Ground ivy garden |
My theory was that the repetition would burn the correct spelling into my brain. The reality was that after 10 or so tries at a word, my brain would shut off and I would be running on muscle memory. The longer I spent spelling each word over and over, the less I was able to recognize the accuracy, or inaccuracy, of my spelling.
The word, initially a challenge to pen, was worked past the place of consistency and accuracy until I came full-circle back to a new unfamiliarity with the same term.

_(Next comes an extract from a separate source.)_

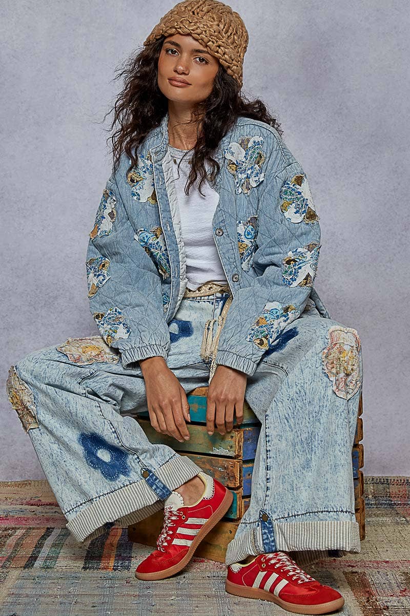 Designed in mock neck, balloon sleeve oversized fit quilted jacket in denim with floral patches.

A few weeks ago I took a good look at my backyard vegetable garden. The majority of green-age that I saw basking in the afternoon sun was nothing I had planted. It was an infiltrator; a weed known as ground ivy. The heart-shaped leaves ringed with a serrated edge looked like miniature water lilies stretching their arms over the naked ground rather than the surface of a pond. No blooms were visible, just a web of green taking advantage of the soil I disturbed for the sake of my garden.
I got down on my hands and knees to strip away this invader and take back my garden. It was not a quick task. The ground ivy was everywhere. It curled around the corn. It crept between the potatoes. It buried the beans.
I lost track of time in my garden. While I worked, the sky changed from sunny to cloudy to raining and back again. The dirt around the roots of the ground ivy loosened with the rain. But the longer I worked, the more mistakes I made. I switched off my brain and went with muscle memory. See green, grasp and pull without mercy.
I was practicing for my spelling tests all over again. The familiarity was gone and all the plants looked the same. Ground ivy is string beans is oregano.
Eventually I worked through my brainless confusion, pulled up hundreds of handfuls of ground ivy and stood back to see my garden clearly once more.